Input for this task:
[Start of section]
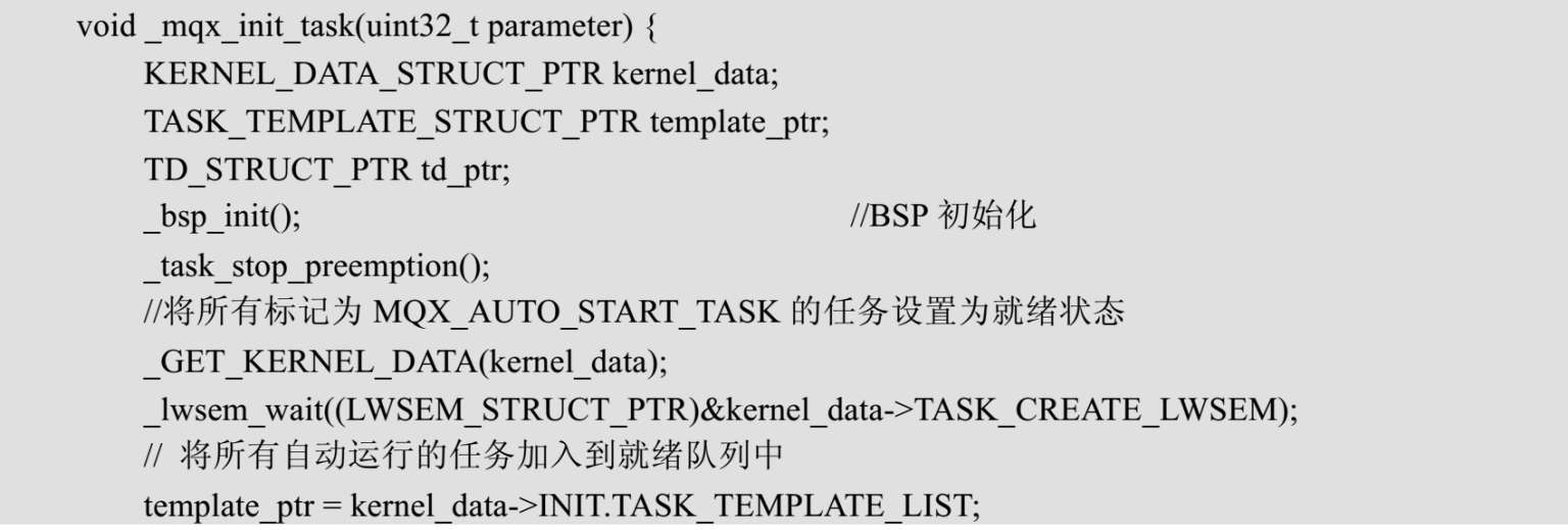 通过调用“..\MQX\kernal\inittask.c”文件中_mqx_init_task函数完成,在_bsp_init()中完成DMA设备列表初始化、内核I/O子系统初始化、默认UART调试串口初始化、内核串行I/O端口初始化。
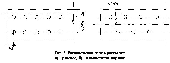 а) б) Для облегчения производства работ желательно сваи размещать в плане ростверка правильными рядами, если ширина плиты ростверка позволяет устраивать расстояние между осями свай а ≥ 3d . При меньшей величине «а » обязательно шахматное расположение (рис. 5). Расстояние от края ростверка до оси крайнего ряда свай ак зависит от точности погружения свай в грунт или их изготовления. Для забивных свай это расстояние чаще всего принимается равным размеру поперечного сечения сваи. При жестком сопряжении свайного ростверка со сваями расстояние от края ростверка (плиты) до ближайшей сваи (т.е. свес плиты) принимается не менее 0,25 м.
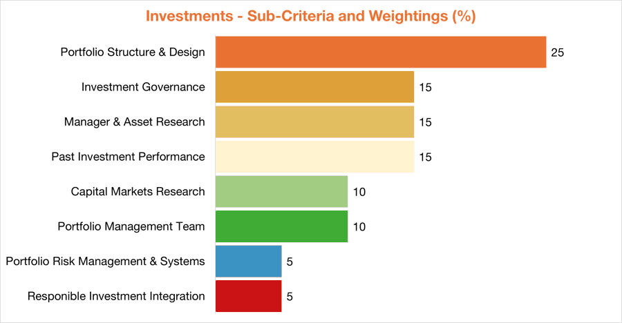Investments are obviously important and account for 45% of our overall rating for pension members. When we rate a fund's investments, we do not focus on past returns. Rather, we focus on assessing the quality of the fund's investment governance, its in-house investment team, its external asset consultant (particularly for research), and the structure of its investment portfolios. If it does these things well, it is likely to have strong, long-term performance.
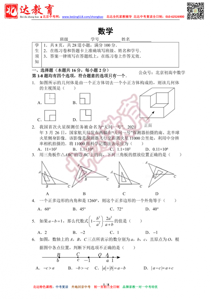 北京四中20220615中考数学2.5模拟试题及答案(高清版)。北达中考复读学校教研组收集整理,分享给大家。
[End of section]
[Start of section]
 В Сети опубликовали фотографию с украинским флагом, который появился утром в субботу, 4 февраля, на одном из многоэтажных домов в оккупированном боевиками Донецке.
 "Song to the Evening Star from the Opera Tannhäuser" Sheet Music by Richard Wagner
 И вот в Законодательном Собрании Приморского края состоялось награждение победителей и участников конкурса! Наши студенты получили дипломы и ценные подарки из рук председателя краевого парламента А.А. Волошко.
[End of section]
Work to be completed: Only the lines above starting with the one with "by Richard Wagner" and going through the one with "И вот в Законодательном" are to be copied, word for word and with both ends kept.

Task response:
 "Song to the Evening Star from the Opera Tannhäuser" Sheet Music by Richard Wagner
 И вот в Законодательном Собрании Приморского края состоялось награждение победителей и участников конкурса! Наши студенты получили дипломы и ценные подарки из рук председателя краевого парламента А.А. Волошко.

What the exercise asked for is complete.